I also discuss the shenanigans of the gold/futures silver market with Max. Here is the link to the evidence and the letter I sent to CFTC Commissioner Bart Chilton in late summer of 2008 of Banker fraud in the gold futures markets and his reply to me. Mr. Chilton replied that the enormous arbitrage opportunities daily for several months in the summer of 2008 of $20, $30, $40 and $50 an ounce higher prices of gold futures in Asia versus the New York COMEX was due to Chinese banker manipulation of gold prices higher and not due to Western banker manipulation of gold prices lower. You can read, in that same article, my further line of questioning of Mr. Chilton’s response that went unanswered by the CFTC. Furthermore, I discuss with Max the recent shenanigans in gold and silver futures markets where nearly 99% of all daily transactions for the month of May, 2011 consisted of paper for paper swaps in the form of EFP (Exchange of Futures for Physical) and EFS (Exchange of Futures for Swaps). While at first the Exchange of Futures for Physical transaction may sound legitimate in name, all legitimacy disappears when one realizes that paper may be substituted for the “physical” component of this transaction.
Exchange Rule 104.36 enacted on February 18, 2005, which allows for the substitution of gold ETFs for physical gold, states that the “physical” part of the transaction “need only be substantially the economic equivalent of the futures contract being exchanged” and that “the purpose of this Notice is to confirm that the Exchange would accept gold-backed exchange-traded funds (‘ETF’) shares as the physical commodity component for an EFP transaction involving COMEX gold futures contracts, provided that all elements of a bona fide EFP pursuant to Exchange Rule 104.36 are satisfied. Thus, acceptable gold-backed and exchange-traded ETF funds include, but are not limited to, the iSharesCOMEX Gold Trust (ticker: IAU), which began trading on the American Stock Exchange on January 28, 2005.”
GATA’s Adrian Douglas first brought to my attention Exchange Rule 104.36 in his article, “Commodity Exchanges Can Dump Gold Debts on ETFs”, prompting me to search the CFTC database even further. My search revealed a further amendment to the “exchange of future for physical” transactions enacted onMarch 11, 2005. This amendment stated that “for purposes of this Rule 414, the term ‘Related Position’ [Physical] shall include, but not be limited to, a security [a group or basket of securities], an option, [or] any commodity as that term is defined by the CEA or a group or basket of any of the foregoing. The Related Position [Physical] being exchanged need not be the same as the underlying of the Futures transaction being exchanged, but the Related Position [Physical] must have a high degree of price correlation to the underlying of the Futures transaction so that the Futures transaction would serve as an appropriate hedge for the Related Position [Physical].” This amendment not only opens up PM ETFs as substitutes for the “physical” component of a gold/silver futures transaction but even other metal ETFs or physical metals that have a “high degree of price correlation” to gold and silver.
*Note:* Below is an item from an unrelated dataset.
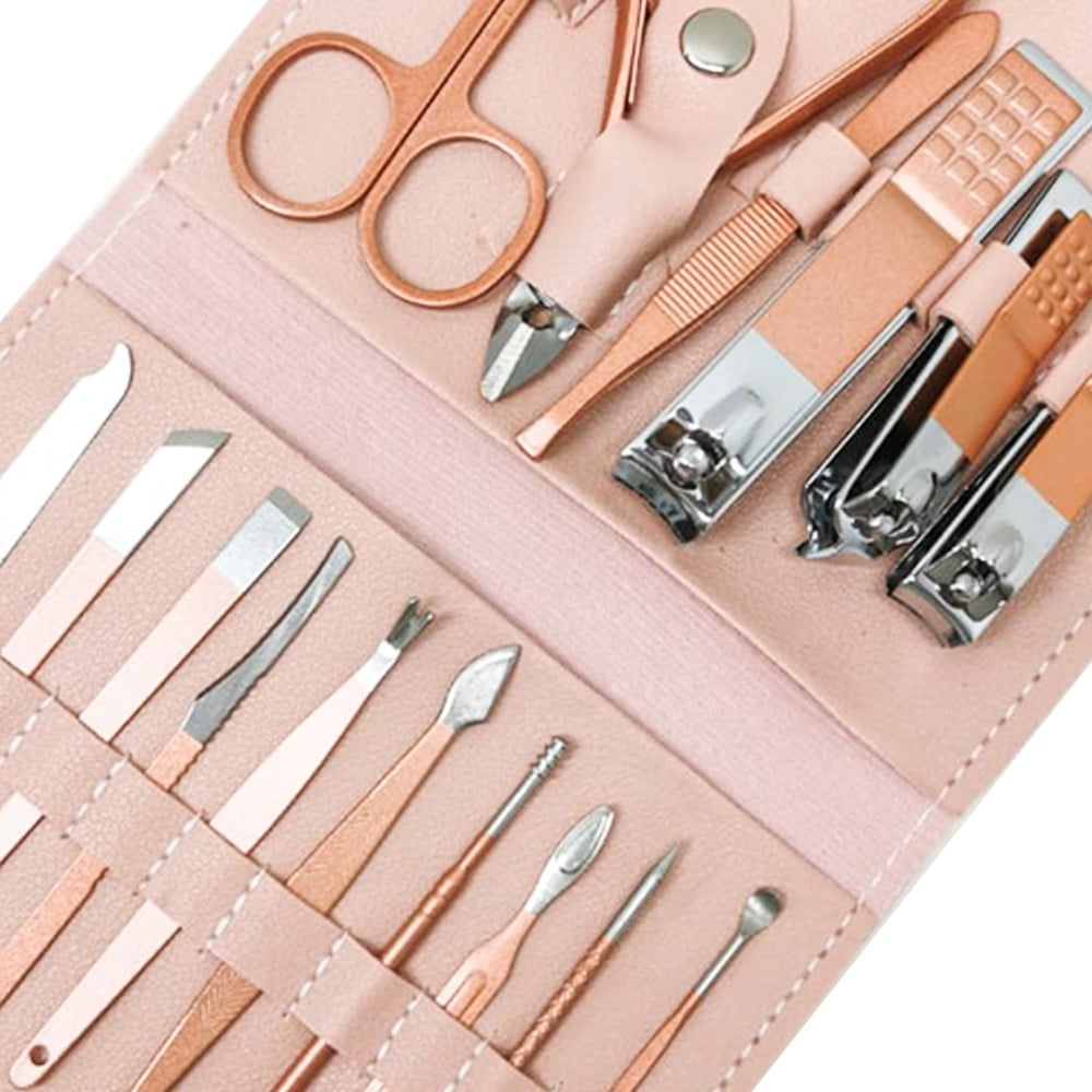طقم العناية بالاظافر 16 قطعة - برتقالي فاتح

Furthermore, remember that an EFP transaction can be used to either initiate or liquidate a futures position. Thus, from this amendment, though not specifically mentioned, it is obvious that SLV shares could be used in an EFP transaction to represent the “physical silver” part of a futures transaction. If you look at my below diagram, this may also explain why a huge number of spread positions in the gold/silver futures markets are initiated from time to time in the COMEX. I have illustrated how an EFP in silver futures may work below:
In recent months, the number of EFP transactions in silver AND gold, as opposed to the number of contracts settled in cash or settled in physical delivery, has exploded. When the majority of gold/silver futures transactions daily consist of EFP and EFS transactions versus cash settlement or physical settlement, this points to a pronounced manipulation of this market and an absence of any true price discovery in gold/silver futures markets.
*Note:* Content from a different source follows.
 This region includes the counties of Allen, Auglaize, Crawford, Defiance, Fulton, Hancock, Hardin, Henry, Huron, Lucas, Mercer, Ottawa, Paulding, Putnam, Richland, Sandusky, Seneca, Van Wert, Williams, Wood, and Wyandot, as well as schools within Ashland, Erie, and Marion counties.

ZeroHedge recently reported that JP Morgan was one of the largest owners of the likely bogus SLV ETF, holding 3,600,000 shares as of the end of the 2010 fiscal year calendar. ZeroHedge also reported that bullion banks, in early May, moved 20% of COMEX physical silver out of the registered category that is available to satisfy requests for physical delivery and into the eligible category that is not “eligible” for physical delivery. Scottia Mocatta followed this significant move by transferring 186,000 of their physical silver ounces from registered to eligible as well. JP Morgan, as of the May 27th CME report, held ZERO ounces of registered silver in the COMEX vaults.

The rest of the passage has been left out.